■ Your goal:
Skip any image you find and restate the rest of the data word for word.
*** Information shown Section Begins ***
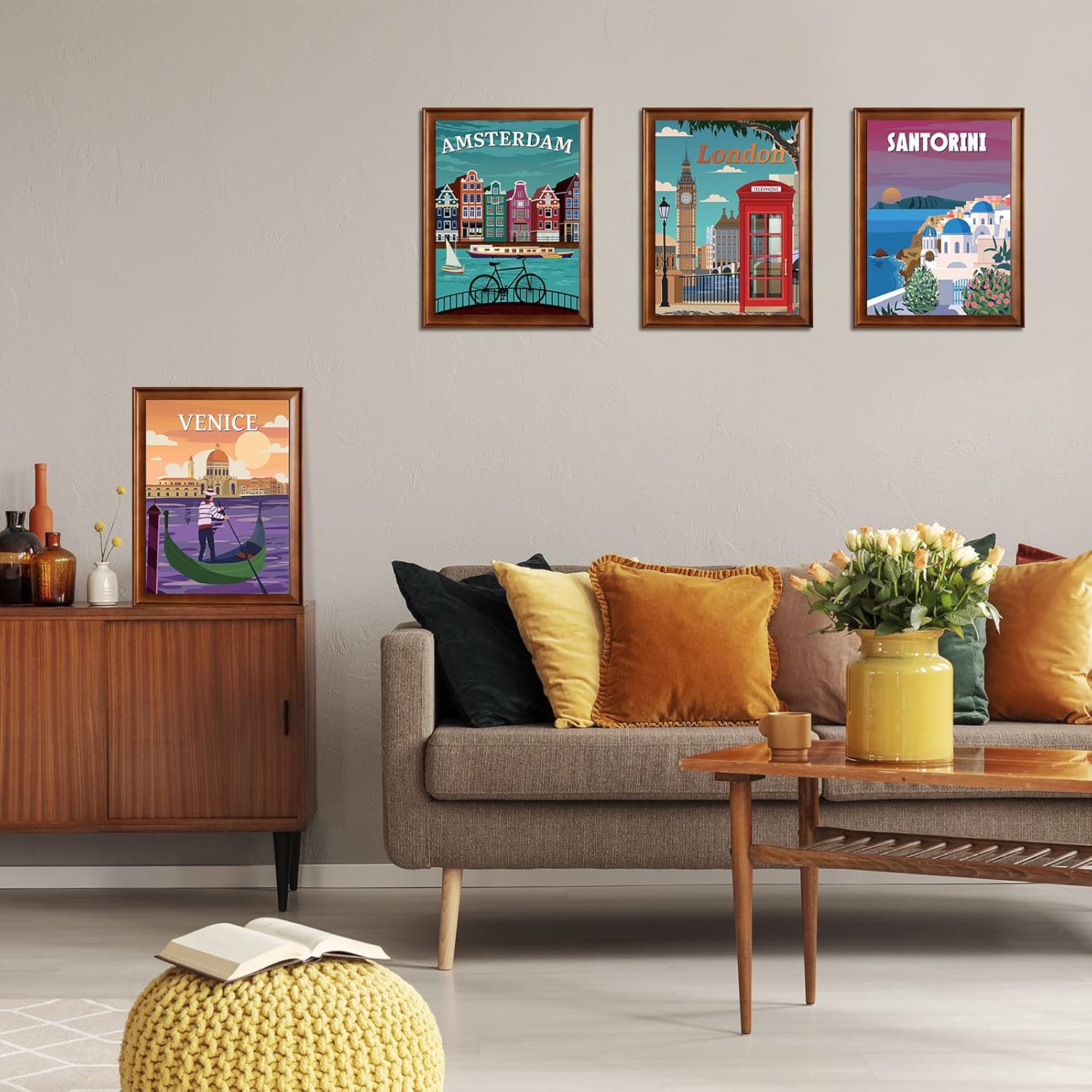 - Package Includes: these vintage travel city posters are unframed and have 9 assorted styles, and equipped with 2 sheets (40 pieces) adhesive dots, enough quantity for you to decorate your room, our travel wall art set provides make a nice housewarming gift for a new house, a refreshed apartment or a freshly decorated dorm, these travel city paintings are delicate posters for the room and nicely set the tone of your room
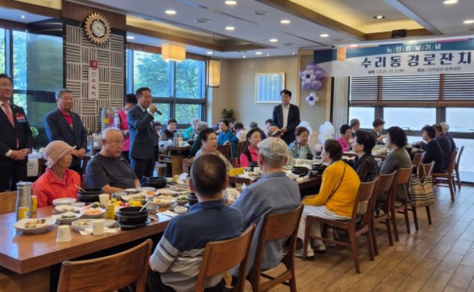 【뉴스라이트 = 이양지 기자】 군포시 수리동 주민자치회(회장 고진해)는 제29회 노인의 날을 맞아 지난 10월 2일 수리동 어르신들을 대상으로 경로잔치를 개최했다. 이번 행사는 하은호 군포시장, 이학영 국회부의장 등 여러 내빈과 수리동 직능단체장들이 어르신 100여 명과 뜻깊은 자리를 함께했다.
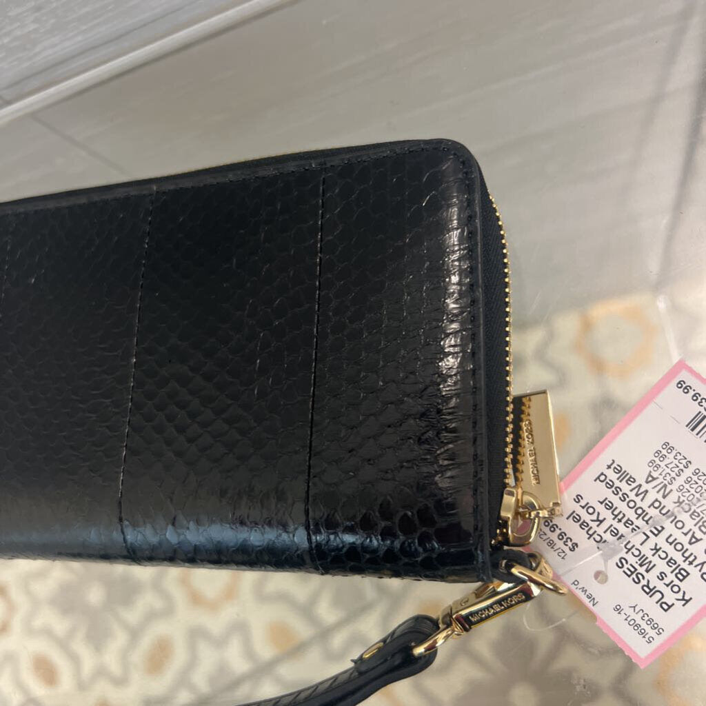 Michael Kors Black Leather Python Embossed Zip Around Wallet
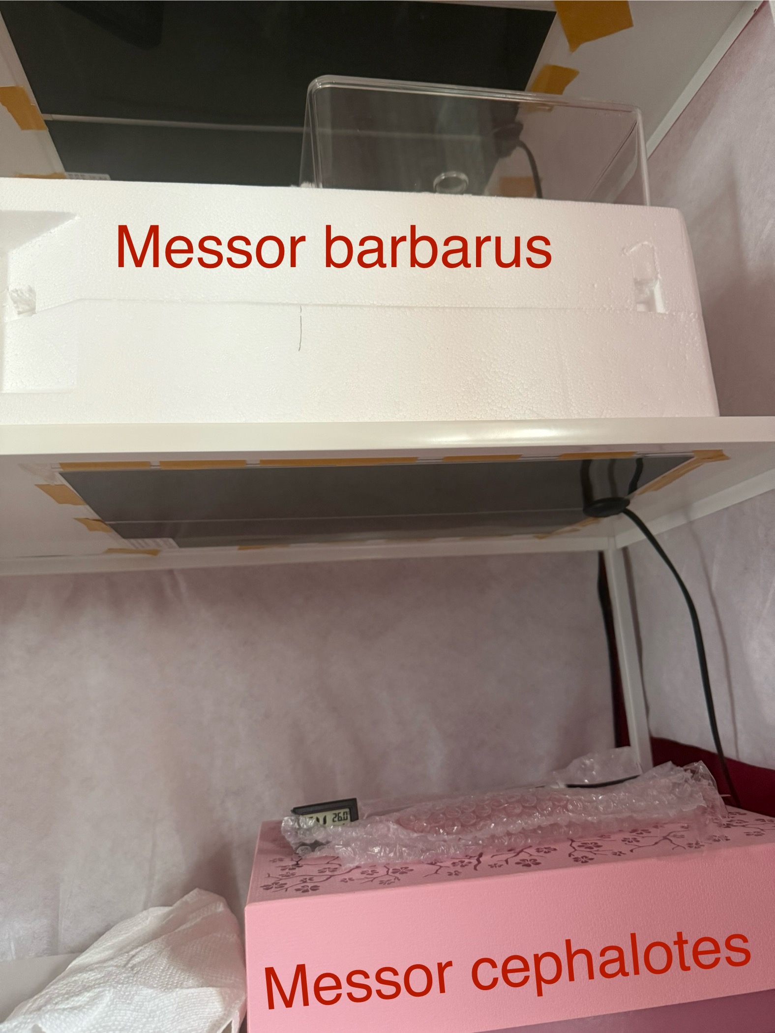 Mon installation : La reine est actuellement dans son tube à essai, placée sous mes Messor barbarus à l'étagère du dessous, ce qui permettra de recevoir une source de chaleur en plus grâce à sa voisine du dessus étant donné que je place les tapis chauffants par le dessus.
*** Information shown Section Ends ***
■ Written reply:
 - Package Includes: these vintage travel city posters are unframed and have 9 assorted styles, and equipped with 2 sheets (40 pieces) adhesive dots, enough quantity for you to decorate your room, our travel wall art set provides make a nice housewarming gift for a new house, a refreshed apartment or a freshly decorated dorm, these travel city paintings are delicate posters for the room and nicely set the tone of your room
 【뉴스라이트 = 이양지 기자】 군포시 수리동 주민자치회(회장 고진해)는 제29회 노인의 날을 맞아 지난 10월 2일 수리동 어르신들을 대상으로 경로잔치를 개최했다. 이번 행사는 하은호 군포시장, 이학영 국회부의장 등 여러 내빈과 수리동 직능단체장들이 어르신 100여 명과 뜻깊은 자리를 함께했다.
 Michael Kors Black Leather Python Embossed Zip Around Wallet
 Mon installation : La reine est actuellement dans son tube à essai, placée sous mes Messor barbarus à l'étagère du dessous, ce qui permettra de recevoir une source de chaleur en plus grâce à sa voisine du dessus étant donné que je place les tapis chauffants par le dessus.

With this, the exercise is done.